Supplied material ->

---

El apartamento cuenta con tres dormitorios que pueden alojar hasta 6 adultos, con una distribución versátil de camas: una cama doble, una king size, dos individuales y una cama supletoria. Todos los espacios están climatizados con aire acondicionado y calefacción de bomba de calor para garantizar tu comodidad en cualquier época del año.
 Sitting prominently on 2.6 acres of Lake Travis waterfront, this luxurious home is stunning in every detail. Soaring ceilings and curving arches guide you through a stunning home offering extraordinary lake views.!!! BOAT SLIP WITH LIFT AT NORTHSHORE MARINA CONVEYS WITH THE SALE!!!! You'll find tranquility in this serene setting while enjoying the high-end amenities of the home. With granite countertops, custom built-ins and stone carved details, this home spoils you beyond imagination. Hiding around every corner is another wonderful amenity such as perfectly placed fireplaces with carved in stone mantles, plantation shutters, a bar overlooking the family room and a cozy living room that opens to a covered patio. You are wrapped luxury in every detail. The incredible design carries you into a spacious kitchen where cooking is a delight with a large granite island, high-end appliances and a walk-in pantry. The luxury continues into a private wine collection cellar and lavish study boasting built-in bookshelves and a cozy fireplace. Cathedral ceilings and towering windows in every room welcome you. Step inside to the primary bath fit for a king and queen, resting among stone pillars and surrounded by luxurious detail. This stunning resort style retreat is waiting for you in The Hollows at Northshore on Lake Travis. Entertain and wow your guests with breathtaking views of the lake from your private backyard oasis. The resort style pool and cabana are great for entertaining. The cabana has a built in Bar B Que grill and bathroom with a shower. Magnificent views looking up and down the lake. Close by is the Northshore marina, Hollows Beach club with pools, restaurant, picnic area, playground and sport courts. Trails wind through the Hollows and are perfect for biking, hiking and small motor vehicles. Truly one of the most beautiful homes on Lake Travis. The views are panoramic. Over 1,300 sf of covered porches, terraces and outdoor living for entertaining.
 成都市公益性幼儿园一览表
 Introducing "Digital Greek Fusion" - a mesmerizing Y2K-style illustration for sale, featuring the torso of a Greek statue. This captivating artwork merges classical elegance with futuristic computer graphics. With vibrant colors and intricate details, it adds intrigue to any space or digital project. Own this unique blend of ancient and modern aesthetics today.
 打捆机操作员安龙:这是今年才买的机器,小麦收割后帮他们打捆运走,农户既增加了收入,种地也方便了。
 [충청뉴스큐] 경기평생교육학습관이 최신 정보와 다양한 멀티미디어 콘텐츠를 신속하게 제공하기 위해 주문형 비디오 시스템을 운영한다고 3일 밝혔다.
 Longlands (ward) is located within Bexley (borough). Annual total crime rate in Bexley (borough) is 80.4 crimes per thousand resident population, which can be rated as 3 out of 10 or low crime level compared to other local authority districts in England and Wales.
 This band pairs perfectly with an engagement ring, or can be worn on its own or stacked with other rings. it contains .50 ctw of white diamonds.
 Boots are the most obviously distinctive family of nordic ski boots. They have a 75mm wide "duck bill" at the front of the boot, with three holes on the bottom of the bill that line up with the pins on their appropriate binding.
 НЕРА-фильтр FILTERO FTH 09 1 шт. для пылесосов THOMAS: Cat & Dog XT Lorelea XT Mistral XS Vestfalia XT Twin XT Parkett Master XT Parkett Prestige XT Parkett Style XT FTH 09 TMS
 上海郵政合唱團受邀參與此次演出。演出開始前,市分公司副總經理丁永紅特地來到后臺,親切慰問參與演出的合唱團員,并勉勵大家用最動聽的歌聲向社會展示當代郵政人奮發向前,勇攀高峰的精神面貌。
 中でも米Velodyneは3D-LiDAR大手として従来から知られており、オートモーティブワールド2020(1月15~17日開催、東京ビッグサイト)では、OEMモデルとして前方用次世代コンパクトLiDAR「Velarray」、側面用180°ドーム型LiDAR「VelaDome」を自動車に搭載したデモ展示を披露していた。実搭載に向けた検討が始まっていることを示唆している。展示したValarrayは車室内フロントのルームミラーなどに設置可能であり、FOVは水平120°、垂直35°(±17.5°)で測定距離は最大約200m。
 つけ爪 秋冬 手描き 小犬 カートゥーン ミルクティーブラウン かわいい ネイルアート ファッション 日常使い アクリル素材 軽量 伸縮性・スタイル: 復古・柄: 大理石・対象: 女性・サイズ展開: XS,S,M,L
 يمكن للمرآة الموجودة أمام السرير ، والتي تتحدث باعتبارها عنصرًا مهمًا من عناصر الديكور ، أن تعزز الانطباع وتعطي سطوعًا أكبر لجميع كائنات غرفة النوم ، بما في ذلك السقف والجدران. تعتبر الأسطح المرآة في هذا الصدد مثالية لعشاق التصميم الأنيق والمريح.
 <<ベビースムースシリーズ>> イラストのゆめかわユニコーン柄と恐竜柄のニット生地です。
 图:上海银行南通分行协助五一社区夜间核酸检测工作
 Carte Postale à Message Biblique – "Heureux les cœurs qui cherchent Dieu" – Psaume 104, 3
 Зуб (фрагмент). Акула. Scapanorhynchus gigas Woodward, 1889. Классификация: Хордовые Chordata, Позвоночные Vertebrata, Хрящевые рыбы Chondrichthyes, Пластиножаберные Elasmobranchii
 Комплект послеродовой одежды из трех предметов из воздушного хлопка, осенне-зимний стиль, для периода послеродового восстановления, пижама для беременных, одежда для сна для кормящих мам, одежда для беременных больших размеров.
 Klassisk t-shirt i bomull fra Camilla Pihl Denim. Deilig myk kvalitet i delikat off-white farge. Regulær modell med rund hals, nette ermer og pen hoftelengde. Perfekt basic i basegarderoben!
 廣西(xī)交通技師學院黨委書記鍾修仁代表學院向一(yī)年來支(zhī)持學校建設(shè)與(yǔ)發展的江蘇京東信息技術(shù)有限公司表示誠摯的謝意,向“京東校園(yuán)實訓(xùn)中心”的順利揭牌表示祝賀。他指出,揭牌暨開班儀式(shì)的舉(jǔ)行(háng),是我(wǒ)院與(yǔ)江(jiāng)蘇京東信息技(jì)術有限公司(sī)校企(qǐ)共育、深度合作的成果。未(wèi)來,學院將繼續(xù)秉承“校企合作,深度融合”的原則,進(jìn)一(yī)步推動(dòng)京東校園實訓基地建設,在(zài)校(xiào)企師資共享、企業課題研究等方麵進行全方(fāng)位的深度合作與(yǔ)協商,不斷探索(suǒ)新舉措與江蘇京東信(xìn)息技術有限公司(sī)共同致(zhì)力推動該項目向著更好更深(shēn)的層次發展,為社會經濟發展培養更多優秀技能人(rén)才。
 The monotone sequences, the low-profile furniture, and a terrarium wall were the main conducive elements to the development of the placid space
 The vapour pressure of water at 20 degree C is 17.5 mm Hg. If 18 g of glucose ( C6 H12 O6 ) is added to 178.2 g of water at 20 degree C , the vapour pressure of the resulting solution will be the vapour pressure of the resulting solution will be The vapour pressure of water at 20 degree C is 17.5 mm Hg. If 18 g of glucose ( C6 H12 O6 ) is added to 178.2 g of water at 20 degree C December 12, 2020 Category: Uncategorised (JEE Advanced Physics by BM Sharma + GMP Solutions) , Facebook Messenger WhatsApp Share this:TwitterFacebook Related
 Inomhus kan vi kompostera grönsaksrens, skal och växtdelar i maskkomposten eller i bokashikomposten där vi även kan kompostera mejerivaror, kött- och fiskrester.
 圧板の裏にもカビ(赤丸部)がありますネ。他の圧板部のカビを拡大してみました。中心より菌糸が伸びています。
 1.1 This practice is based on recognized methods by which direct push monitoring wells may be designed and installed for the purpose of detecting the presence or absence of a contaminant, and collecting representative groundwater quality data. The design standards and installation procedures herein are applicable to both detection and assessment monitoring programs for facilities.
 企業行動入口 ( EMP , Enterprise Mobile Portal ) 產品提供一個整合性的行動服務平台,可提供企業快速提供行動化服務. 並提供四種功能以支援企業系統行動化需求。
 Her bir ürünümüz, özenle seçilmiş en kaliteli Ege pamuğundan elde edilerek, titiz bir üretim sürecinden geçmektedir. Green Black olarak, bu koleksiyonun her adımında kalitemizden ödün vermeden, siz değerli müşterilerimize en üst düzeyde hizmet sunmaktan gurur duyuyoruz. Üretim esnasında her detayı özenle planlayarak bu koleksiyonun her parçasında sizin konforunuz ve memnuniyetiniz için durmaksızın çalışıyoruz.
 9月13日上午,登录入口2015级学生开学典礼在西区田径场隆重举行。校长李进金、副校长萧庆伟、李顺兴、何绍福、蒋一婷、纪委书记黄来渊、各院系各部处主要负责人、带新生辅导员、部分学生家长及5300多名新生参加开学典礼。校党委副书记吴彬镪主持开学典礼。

---

Take every line from the records that holds "space" and copy it down.

 Introducing "Digital Greek Fusion" - a mesmerizing Y2K-style illustration for sale, featuring the torso of a Greek statue. This captivating artwork merges classical elegance with futuristic computer graphics. With vibrant colors and intricate details, it adds intrigue to any space or digital project. Own this unique blend of ancient and modern aesthetics today.
 The monotone sequences, the low-profile furniture, and a terrarium wall were the main conducive elements to the development of the placid space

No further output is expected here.